For Longoria, his fantasy value barely moves. He goes from one pitcher-friendly park to another. Both Tropicana Field and AT&T Park suppress right-handed power, but AT&T does so to an even larger degree. The offenses on both teams are subpar. He’ll bat near the top of each lineup. Not a major fantasy change for the 32-year-old third baseman.
The concern is that Longoria’s talent has been declining for several seasons. Last year he hit .261 with only 20 home runs, his lowest total since he hit 17 dingers in an injury-shortened 2012. In fact, his 96 wRC+ in 2017 ranked bottom-three in baseball among qualifying third basemen. He’s not a difference-maker at third base, but he’s better than Pablo Sandoval and Christian Arroyo, who the Giants had lined up to play third.
As for the rest of the Giants team, the lineup will see a small jump in counting stats. Also, with Span on the move, the Giants need a center fielder. It was a position of need coming into the offseason, but now it’s front and center. It’s been reported that the Giants view prospect Steven Duggar as a long-term option in center field, but whether they’re ready to commit to him yet remains to be seen.

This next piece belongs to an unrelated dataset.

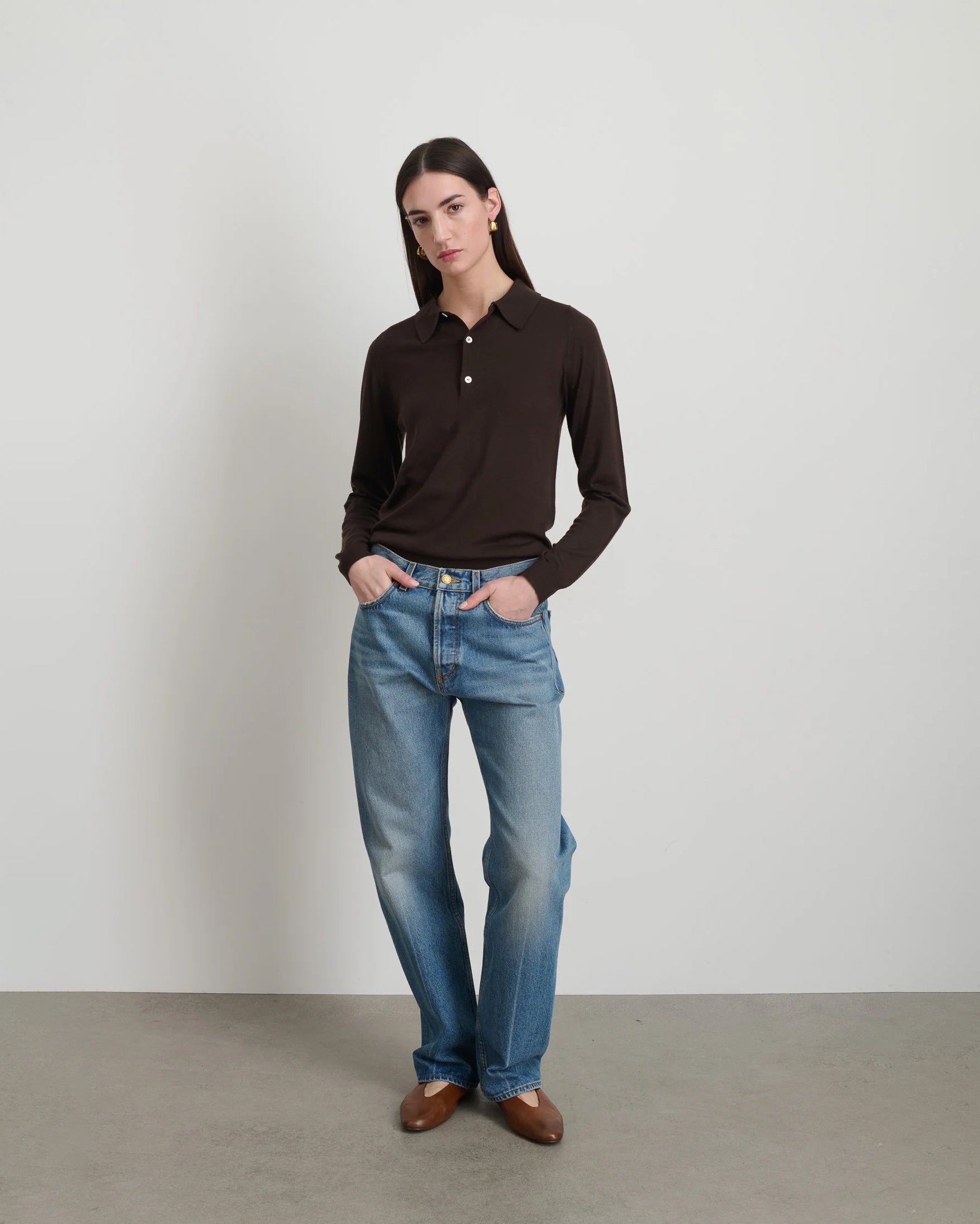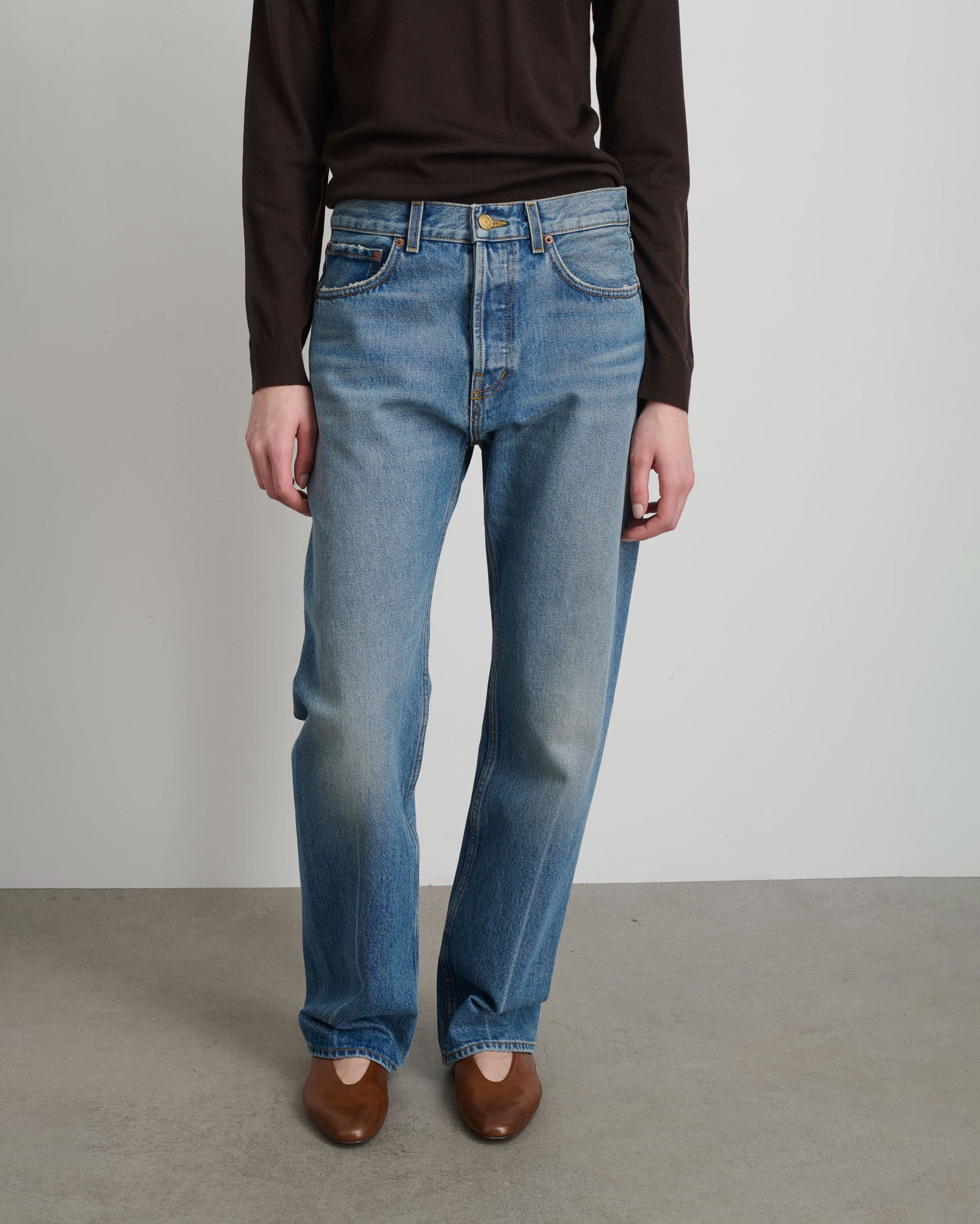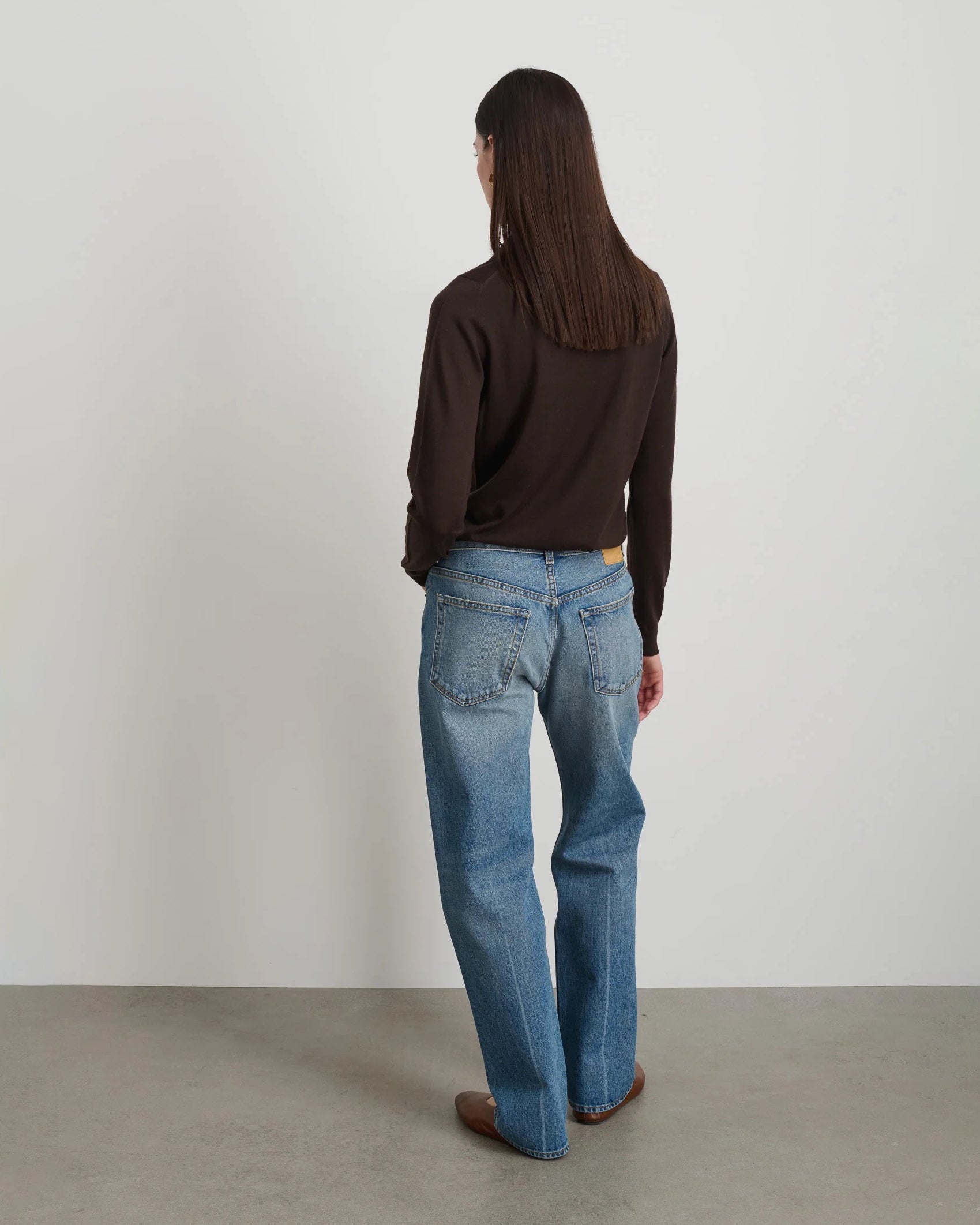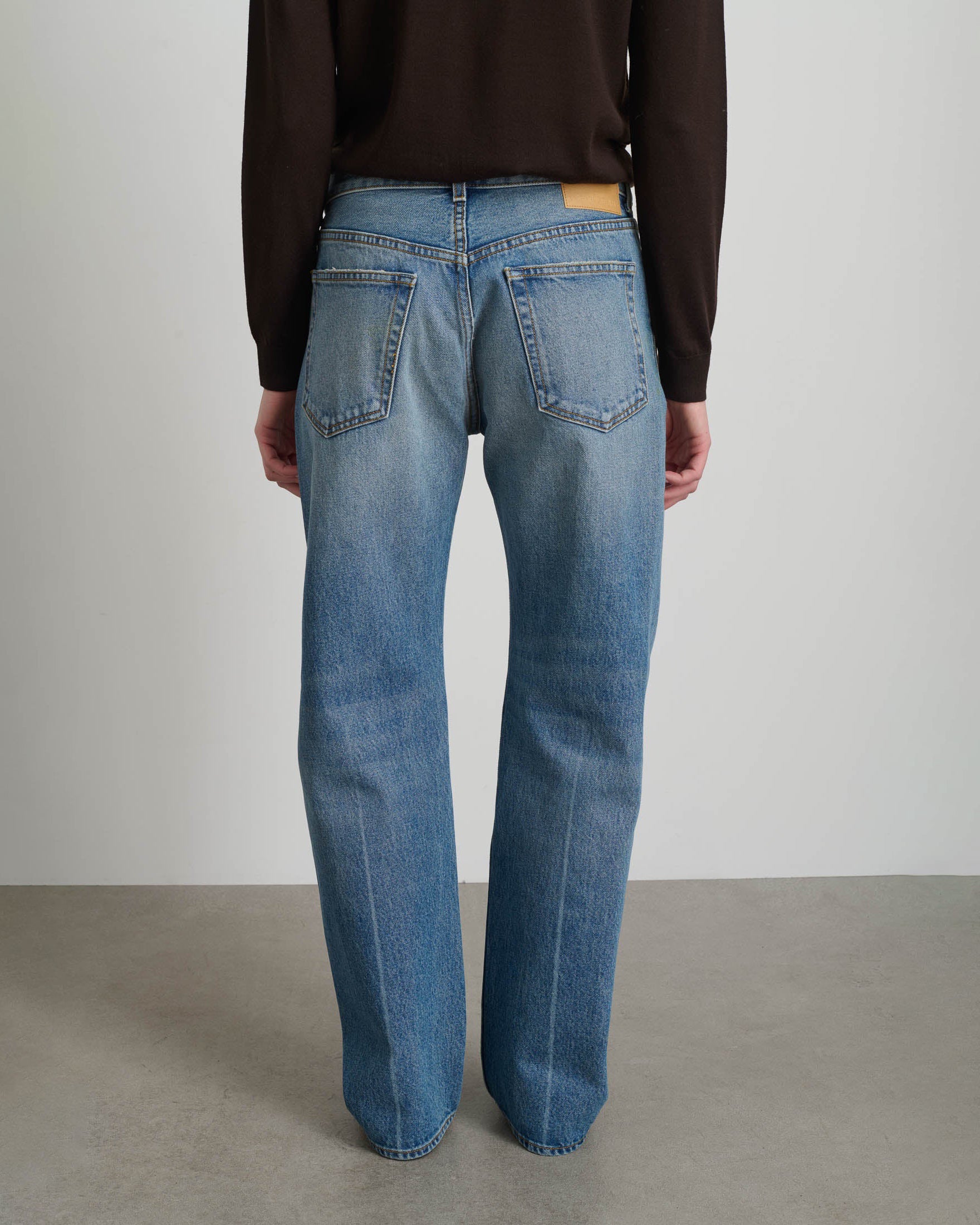 Introducing our draped mid rise straight, cut from classic roped dyed indigo denim with a tapered finish.
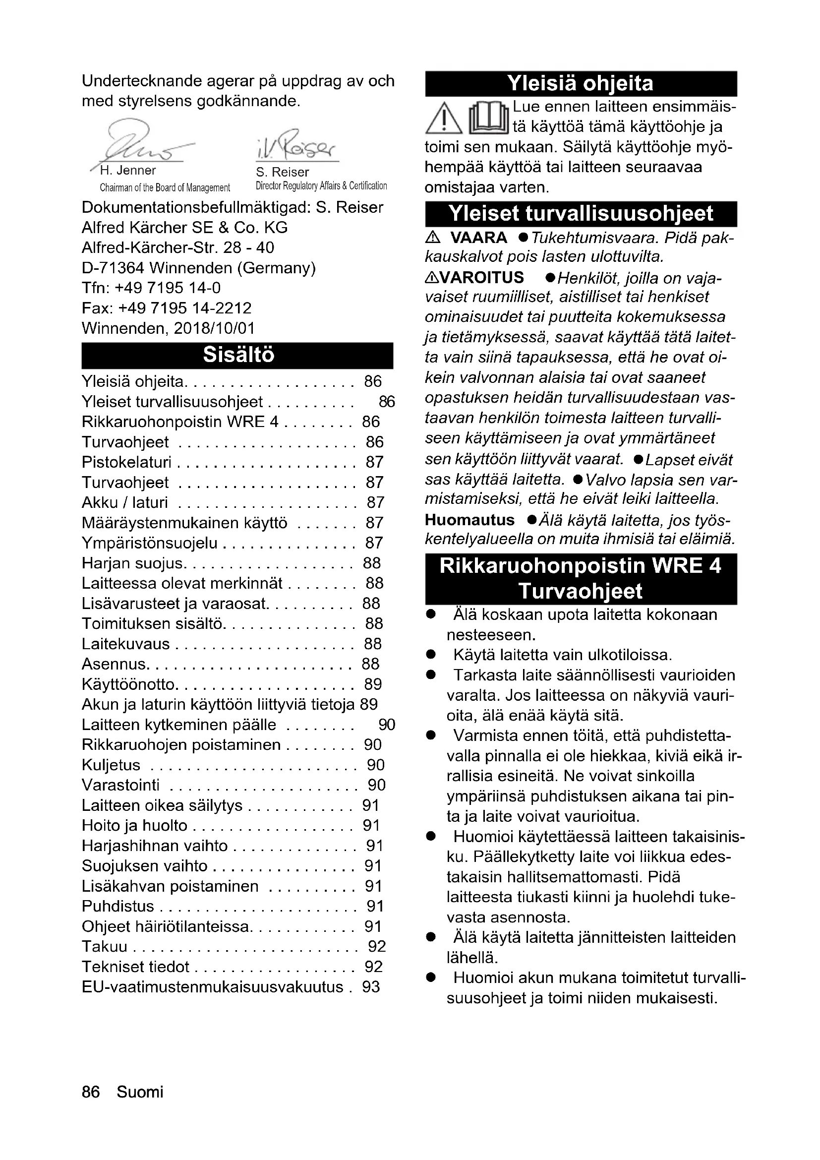 - dB(A)87 87 WRE4 Battery WRE 4 Battery Set86 Suomi Undertecknande agerar på uppdrag av och med styrelsens godkännande. Dokumentationsbefullmäktigad: S. Reiser Alfred Kärcher SE & Co. KG Alfred-Kärcher-Str. 28 - 40 D-71364 Winnenden (Germany) Tfn: +49 7195 14-0 Fax: +49 7195 14-2212 Winnenden, 2018/10/01 Sisältö Yleisiä ohjeita Lue ennen laitteen ensimmäis- tä käyttöä tämä käyttöohje ja toimi sen mukaan. Säilytä käyttöohje myö- hempää käyttöä tai laitteen seuraavaa omistajaa varten. Yleiset turvallisuusohjeet VAARA ●Tukehtumisvaara. Pidä pak- kauskalvot pois lasten ulottuvilta. 몇 VAROITUS ●Henkilöt, joilla on vaja- vaiset ruumiilliset, aistilliset tai henkiset ominaisuudet tai puutteita kokemuksessa ja tietämyksessä, saavat käyttää tätä laitet- ta vain siinä tapauksessa, että he ovat oi- kein valvonnan alaisia tai ovat saaneet opastuksen heidän turvallisuudestaan vas- taavan henkilön toimesta laitteen turvalli- seen käyttämiseen ja ovat ymmärtäneet sen käyttöön liittyvät vaarat. ●Lapset eivät sas käyttää laitetta. ●Valvo lapsia sen var- mistamiseksi, että he eivät leiki laitteella. Huomautus ●Älä käytä laitetta, jos työs- kentelyalueella on muita ihmisiä tai eläimiä. Rikkaruohonpoistin WRE 4 Turvaohjeet Älä koskaan upota laitetta kokonaan nesteeseen. Käytä laitetta vain ulkotiloissa. Tarkasta laite säännöllisesti vaurioiden varalta. Jos laitteessa on näkyviä vauri- oita, älä enää käytä sitä. Varmista ennen töitä, että puhdistetta- valla pinnalla ei ole hiekkaa, kiviä eikä ir- rallisia esineitä. Ne voivat sinkoilla ympäriinsä puhdistuksen aikana tai pin- ta ja laite voivat vaurioitua. Huomioi käytettäessä laitteen takaisinis- ku. Päällekytketty laite voi liikkua edes- takaisin hallitsemattomasti. Pidä laitteesta tiukasti kiinni ja huolehdi tuke- vasta asennosta. Älä käytä laitetta jännitteisten laitteiden lähellä. Huomioi akun mukana toimitetut turvalli- suusohjeet ja toimi niiden mukaisesti. Yleisiä ohjeita p. 86

As for the Rays, their infield depth chart was already a mess, and now it’s even more confusing.
The Rays are set in the outfield with Steven Souza, Corey Dickerson, and Kevin Kiermaier, with Mallex Smith serving as the fourth outfielder. The light-hitting Span (.272 AVG with 12 HR and 12 SB in 2017) isn’t good enough to play center field anymore (that’s why the Giants got rid of him), but he doesn’t hit well enough for a corner spot, either. If the Rays are unable to flip him to another team, he’s likely headed to the end of the bench or will be released.
Arroyo struggled in the majors last season, hitting .192 with three homers in 135 plate appearances. While he was ranked as the top prospect in the Giants’ system by MLB.com, it’s a weak system, and he’s no future superstar. All of his value is in his Hit Tool (60 grade), though he hasn’t shown he can hit in the majors yet.
Arroyo joins former Giant Matt Duffy in a deep, but uninspiring Rays infield with Adeiny Hechavarria, Daniel Robertson, Willy Adames, Ryan Schimpf, Joey Wendle, and Brad Miller. Of the group, only Miller is projected with a wOBA over .300 (.323 according to Steamer projections). The Rays seem to be going with the splatter approach and hope a couple of guys become productive hitters.
With a gun to my head, I’d guess Robertson at second, Hechavarria at short, and Arroyo at third, with Miller at DH. I’m likely wrong, though. Fantasy owners are going to have to see how the situation shakes out in spring training, or with the Rays’ future moves.
The final pieces, pitching prospects Krook and Woods, are non-fantasy factors for 2018 and probably beyond. According to MLB.com, Krook ranked No. 25 in a weak Giants farm system, with Woods ranking No. 29. Neither one has pitched above Single-A.